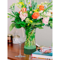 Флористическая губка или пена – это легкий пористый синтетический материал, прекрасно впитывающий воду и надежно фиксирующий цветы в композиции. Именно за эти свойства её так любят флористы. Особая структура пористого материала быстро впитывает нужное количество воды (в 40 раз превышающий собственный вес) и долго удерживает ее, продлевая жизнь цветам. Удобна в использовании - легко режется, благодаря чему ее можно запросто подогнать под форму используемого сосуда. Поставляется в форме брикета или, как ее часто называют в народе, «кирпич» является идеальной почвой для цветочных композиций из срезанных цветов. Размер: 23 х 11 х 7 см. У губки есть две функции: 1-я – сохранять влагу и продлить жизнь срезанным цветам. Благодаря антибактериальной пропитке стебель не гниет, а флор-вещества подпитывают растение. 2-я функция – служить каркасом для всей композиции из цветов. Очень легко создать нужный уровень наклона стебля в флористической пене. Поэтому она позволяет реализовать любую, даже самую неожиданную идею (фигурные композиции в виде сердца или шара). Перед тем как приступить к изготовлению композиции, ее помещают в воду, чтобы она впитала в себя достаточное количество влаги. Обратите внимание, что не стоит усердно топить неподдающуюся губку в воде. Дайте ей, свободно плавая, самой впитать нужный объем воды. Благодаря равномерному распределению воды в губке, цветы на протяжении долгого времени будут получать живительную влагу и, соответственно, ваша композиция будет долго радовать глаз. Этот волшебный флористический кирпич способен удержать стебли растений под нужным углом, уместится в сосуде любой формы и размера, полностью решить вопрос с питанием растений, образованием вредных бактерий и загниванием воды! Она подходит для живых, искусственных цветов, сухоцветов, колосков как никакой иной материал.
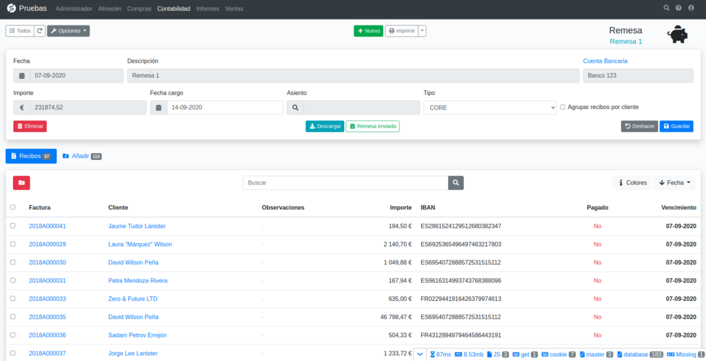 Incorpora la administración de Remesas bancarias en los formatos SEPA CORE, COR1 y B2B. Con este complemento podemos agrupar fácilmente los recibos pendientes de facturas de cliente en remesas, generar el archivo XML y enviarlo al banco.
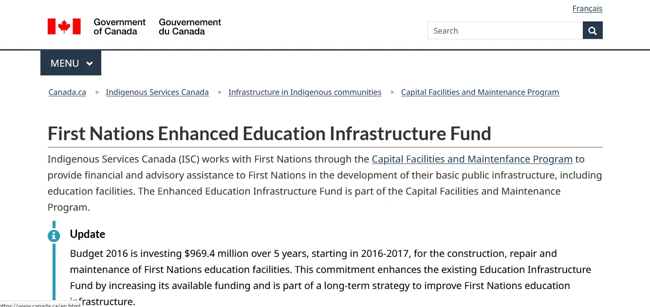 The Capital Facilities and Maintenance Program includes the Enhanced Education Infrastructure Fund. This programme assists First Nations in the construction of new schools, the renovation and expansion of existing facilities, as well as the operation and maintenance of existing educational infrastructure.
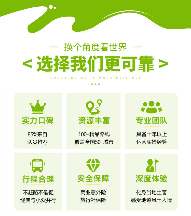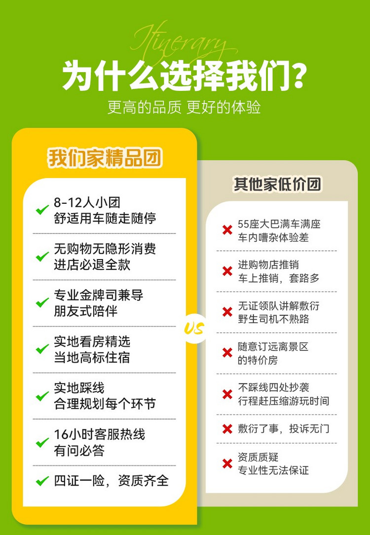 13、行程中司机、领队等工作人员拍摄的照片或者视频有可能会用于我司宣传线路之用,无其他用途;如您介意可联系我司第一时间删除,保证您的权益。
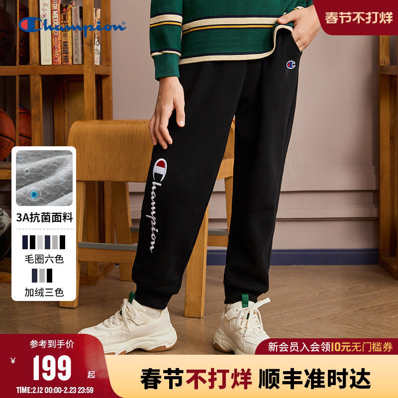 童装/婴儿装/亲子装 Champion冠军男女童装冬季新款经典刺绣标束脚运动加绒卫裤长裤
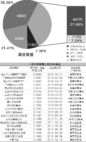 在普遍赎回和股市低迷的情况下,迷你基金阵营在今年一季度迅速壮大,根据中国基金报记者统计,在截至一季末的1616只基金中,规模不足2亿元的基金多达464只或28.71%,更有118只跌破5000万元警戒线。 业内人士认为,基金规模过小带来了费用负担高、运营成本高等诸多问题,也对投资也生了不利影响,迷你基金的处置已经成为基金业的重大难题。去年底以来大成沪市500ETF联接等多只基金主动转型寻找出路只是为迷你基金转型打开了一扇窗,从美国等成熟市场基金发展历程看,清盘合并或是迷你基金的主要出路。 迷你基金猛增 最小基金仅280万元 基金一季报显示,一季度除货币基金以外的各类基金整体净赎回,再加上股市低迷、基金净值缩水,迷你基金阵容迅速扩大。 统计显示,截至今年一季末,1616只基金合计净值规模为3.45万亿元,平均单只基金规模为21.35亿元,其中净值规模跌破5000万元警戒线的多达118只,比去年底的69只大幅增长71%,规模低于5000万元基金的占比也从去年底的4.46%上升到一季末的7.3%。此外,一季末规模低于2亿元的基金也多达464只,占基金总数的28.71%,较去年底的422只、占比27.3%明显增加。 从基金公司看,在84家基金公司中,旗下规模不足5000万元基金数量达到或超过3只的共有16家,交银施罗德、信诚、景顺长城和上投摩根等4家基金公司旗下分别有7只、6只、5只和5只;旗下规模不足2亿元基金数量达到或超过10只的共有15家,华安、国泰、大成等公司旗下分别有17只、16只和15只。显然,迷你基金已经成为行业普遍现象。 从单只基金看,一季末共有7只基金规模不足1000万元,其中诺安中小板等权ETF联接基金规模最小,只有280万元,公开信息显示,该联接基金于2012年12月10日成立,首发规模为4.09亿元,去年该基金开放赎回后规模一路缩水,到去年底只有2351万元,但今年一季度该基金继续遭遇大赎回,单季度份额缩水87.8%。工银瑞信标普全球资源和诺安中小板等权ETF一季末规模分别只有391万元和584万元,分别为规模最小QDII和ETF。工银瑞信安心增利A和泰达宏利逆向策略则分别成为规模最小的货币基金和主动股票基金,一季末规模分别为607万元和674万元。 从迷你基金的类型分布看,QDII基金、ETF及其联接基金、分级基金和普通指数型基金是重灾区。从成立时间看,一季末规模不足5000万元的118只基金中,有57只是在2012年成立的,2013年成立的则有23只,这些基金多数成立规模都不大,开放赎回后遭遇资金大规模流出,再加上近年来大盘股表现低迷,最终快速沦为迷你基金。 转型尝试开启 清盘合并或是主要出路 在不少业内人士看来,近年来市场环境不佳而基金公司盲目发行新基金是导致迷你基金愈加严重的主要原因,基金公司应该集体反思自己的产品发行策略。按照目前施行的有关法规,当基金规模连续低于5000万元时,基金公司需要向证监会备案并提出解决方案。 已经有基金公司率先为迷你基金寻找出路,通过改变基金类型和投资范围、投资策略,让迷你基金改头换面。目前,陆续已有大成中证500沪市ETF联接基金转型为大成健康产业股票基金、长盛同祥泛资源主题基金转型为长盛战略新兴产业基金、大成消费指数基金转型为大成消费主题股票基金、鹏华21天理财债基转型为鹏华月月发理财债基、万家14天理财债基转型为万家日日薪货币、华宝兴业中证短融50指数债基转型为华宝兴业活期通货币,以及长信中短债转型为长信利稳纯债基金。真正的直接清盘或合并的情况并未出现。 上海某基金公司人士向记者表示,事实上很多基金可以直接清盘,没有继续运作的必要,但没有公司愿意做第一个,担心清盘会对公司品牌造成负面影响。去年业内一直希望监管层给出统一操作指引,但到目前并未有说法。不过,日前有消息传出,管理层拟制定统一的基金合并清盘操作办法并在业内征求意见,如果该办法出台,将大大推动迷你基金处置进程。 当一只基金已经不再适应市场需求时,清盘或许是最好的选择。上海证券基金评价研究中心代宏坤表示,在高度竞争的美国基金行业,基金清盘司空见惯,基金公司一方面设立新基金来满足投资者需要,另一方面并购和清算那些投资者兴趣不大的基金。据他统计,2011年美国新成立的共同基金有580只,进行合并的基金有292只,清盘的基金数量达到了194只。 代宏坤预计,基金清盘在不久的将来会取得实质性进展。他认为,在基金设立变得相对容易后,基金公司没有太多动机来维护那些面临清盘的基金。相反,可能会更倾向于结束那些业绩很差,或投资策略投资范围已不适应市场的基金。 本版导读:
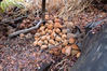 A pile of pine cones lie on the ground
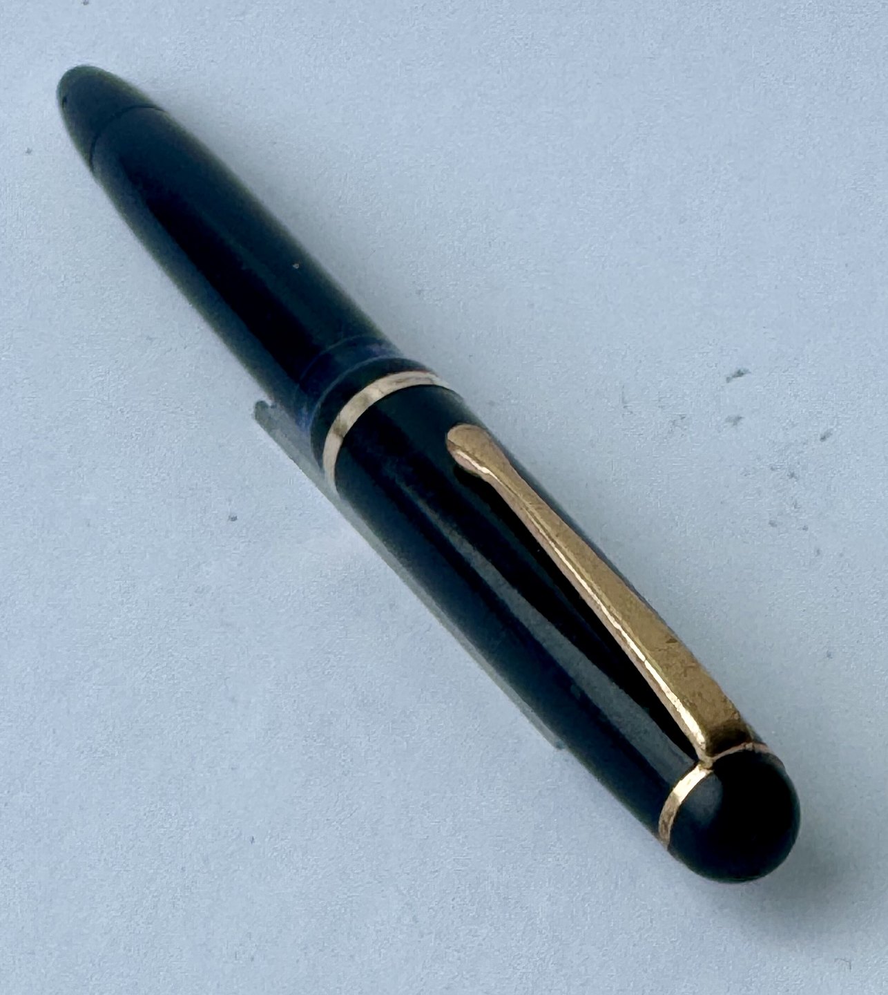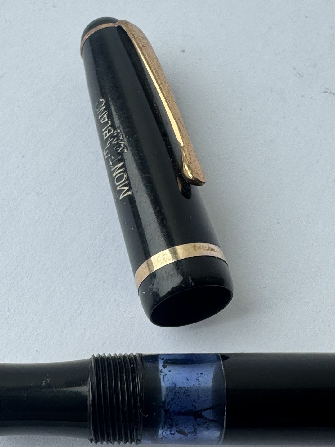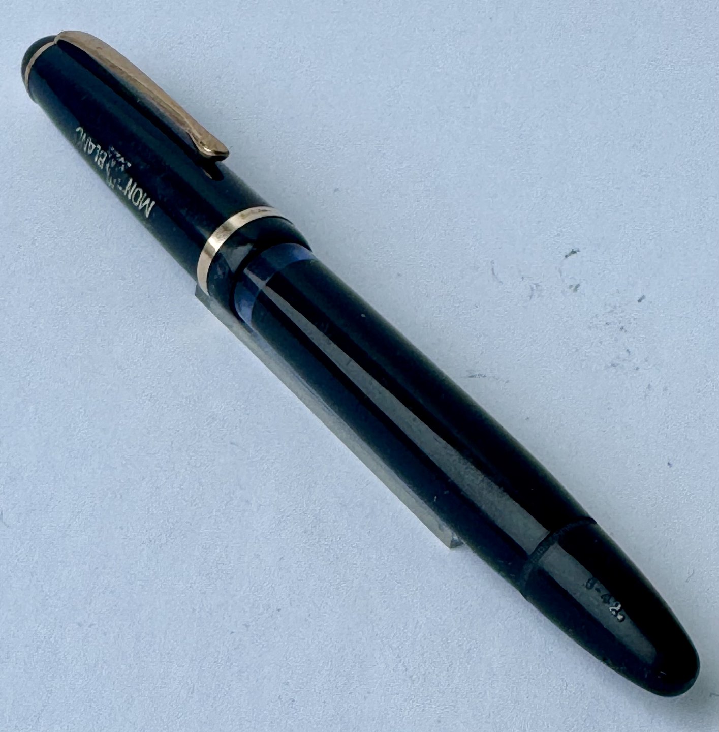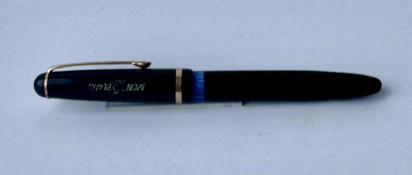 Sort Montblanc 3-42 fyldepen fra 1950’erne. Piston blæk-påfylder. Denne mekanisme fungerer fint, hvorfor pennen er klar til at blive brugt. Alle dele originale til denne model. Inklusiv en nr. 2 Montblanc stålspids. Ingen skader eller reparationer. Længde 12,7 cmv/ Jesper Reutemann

════

Task objective — Because pictures are not wanted, give every entry above again exactly without them.

Output for this exercise —
 Флористическая губка или пена – это легкий пористый синтетический материал, прекрасно впитывающий воду и надежно фиксирующий цветы в композиции. Именно за эти свойства её так любят флористы. Особая структура пористого материала быстро впитывает нужное количество воды (в 40 раз превышающий собственный вес) и долго удерживает ее, продлевая жизнь цветам. Удобна в использовании - легко режется, благодаря чему ее можно запросто подогнать под форму используемого сосуда. Поставляется в форме брикета или, как ее часто называют в народе, «кирпич» является идеальной почвой для цветочных композиций из срезанных цветов. Размер: 23 х 11 х 7 см. У губки есть две функции: 1-я – сохранять влагу и продлить жизнь срезанным цветам. Благодаря антибактериальной пропитке стебель не гниет, а флор-вещества подпитывают растение. 2-я функция – служить каркасом для всей композиции из цветов. Очень легко создать нужный уровень наклона стебля в флористической пене. Поэтому она позволяет реализовать любую, даже самую неожиданную идею (фигурные композиции в виде сердца или шара). Перед тем как приступить к изготовлению композиции, ее помещают в воду, чтобы она впитала в себя достаточное количество влаги. Обратите внимание, что не стоит усердно топить неподдающуюся губку в воде. Дайте ей, свободно плавая, самой впитать нужный объем воды. Благодаря равномерному распределению воды в губке, цветы на протяжении долгого времени будут получать живительную влагу и, соответственно, ваша композиция будет долго радовать глаз. Этот волшебный флористический кирпич способен удержать стебли растений под нужным углом, уместится в сосуде любой формы и размера, полностью решить вопрос с питанием растений, образованием вредных бактерий и загниванием воды! Она подходит для живых, искусственных цветов, сухоцветов, колосков как никакой иной материал.
 Incorpora la administración de Remesas bancarias en los formatos SEPA CORE, COR1 y B2B. Con este complemento podemos agrupar fácilmente los recibos pendientes de facturas de cliente en remesas, generar el archivo XML y enviarlo al banco.
 The Capital Facilities and Maintenance Program includes the Enhanced Education Infrastructure Fund. This programme assists First Nations in the construction of new schools, the renovation and expansion of existing facilities, as well as the operation and maintenance of existing educational infrastructure.
 13、行程中司机、领队等工作人员拍摄的照片或者视频有可能会用于我司宣传线路之用,无其他用途;如您介意可联系我司第一时间删除,保证您的权益。
 童装/婴儿装/亲子装 Champion冠军男女童装冬季新款经典刺绣标束脚运动加绒卫裤长裤
 在普遍赎回和股市低迷的情况下,迷你基金阵营在今年一季度迅速壮大,根据中国基金报记者统计,在截至一季末的1616只基金中,规模不足2亿元的基金多达464只或28.71%,更有118只跌破5000万元警戒线。 业内人士认为,基金规模过小带来了费用负担高、运营成本高等诸多问题,也对投资也生了不利影响,迷你基金的处置已经成为基金业的重大难题。去年底以来大成沪市500ETF联接等多只基金主动转型寻找出路只是为迷你基金转型打开了一扇窗,从美国等成熟市场基金发展历程看,清盘合并或是迷你基金的主要出路。 迷你基金猛增 最小基金仅280万元 基金一季报显示,一季度除货币基金以外的各类基金整体净赎回,再加上股市低迷、基金净值缩水,迷你基金阵容迅速扩大。 统计显示,截至今年一季末,1616只基金合计净值规模为3.45万亿元,平均单只基金规模为21.35亿元,其中净值规模跌破5000万元警戒线的多达118只,比去年底的69只大幅增长71%,规模低于5000万元基金的占比也从去年底的4.46%上升到一季末的7.3%。此外,一季末规模低于2亿元的基金也多达464只,占基金总数的28.71%,较去年底的422只、占比27.3%明显增加。 从基金公司看,在84家基金公司中,旗下规模不足5000万元基金数量达到或超过3只的共有16家,交银施罗德、信诚、景顺长城和上投摩根等4家基金公司旗下分别有7只、6只、5只和5只;旗下规模不足2亿元基金数量达到或超过10只的共有15家,华安、国泰、大成等公司旗下分别有17只、16只和15只。显然,迷你基金已经成为行业普遍现象。 从单只基金看,一季末共有7只基金规模不足1000万元,其中诺安中小板等权ETF联接基金规模最小,只有280万元,公开信息显示,该联接基金于2012年12月10日成立,首发规模为4.09亿元,去年该基金开放赎回后规模一路缩水,到去年底只有2351万元,但今年一季度该基金继续遭遇大赎回,单季度份额缩水87.8%。工银瑞信标普全球资源和诺安中小板等权ETF一季末规模分别只有391万元和584万元,分别为规模最小QDII和ETF。工银瑞信安心增利A和泰达宏利逆向策略则分别成为规模最小的货币基金和主动股票基金,一季末规模分别为607万元和674万元。 从迷你基金的类型分布看,QDII基金、ETF及其联接基金、分级基金和普通指数型基金是重灾区。从成立时间看,一季末规模不足5000万元的118只基金中,有57只是在2012年成立的,2013年成立的则有23只,这些基金多数成立规模都不大,开放赎回后遭遇资金大规模流出,再加上近年来大盘股表现低迷,最终快速沦为迷你基金。 转型尝试开启 清盘合并或是主要出路 在不少业内人士看来,近年来市场环境不佳而基金公司盲目发行新基金是导致迷你基金愈加严重的主要原因,基金公司应该集体反思自己的产品发行策略。按照目前施行的有关法规,当基金规模连续低于5000万元时,基金公司需要向证监会备案并提出解决方案。 已经有基金公司率先为迷你基金寻找出路,通过改变基金类型和投资范围、投资策略,让迷你基金改头换面。目前,陆续已有大成中证500沪市ETF联接基金转型为大成健康产业股票基金、长盛同祥泛资源主题基金转型为长盛战略新兴产业基金、大成消费指数基金转型为大成消费主题股票基金、鹏华21天理财债基转型为鹏华月月发理财债基、万家14天理财债基转型为万家日日薪货币、华宝兴业中证短融50指数债基转型为华宝兴业活期通货币,以及长信中短债转型为长信利稳纯债基金。真正的直接清盘或合并的情况并未出现。 上海某基金公司人士向记者表示,事实上很多基金可以直接清盘,没有继续运作的必要,但没有公司愿意做第一个,担心清盘会对公司品牌造成负面影响。去年业内一直希望监管层给出统一操作指引,但到目前并未有说法。不过,日前有消息传出,管理层拟制定统一的基金合并清盘操作办法并在业内征求意见,如果该办法出台,将大大推动迷你基金处置进程。 当一只基金已经不再适应市场需求时,清盘或许是最好的选择。上海证券基金评价研究中心代宏坤表示,在高度竞争的美国基金行业,基金清盘司空见惯,基金公司一方面设立新基金来满足投资者需要,另一方面并购和清算那些投资者兴趣不大的基金。据他统计,2011年美国新成立的共同基金有580只,进行合并的基金有292只,清盘的基金数量达到了194只。 代宏坤预计,基金清盘在不久的将来会取得实质性进展。他认为,在基金设立变得相对容易后,基金公司没有太多动机来维护那些面临清盘的基金。相反,可能会更倾向于结束那些业绩很差,或投资策略投资范围已不适应市场的基金。 本版导读:
 A pile of pine cones lie on the ground
 Sort Montblanc 3-42 fyldepen fra 1950’erne. Piston blæk-påfylder. Denne mekanisme fungerer fint, hvorfor pennen er klar til at blive brugt. Alle dele originale til denne model. Inklusiv en nr. 2 Montblanc stålspids. Ingen skader eller reparationer. Længde 12,7 cmv/ Jesper Reutemann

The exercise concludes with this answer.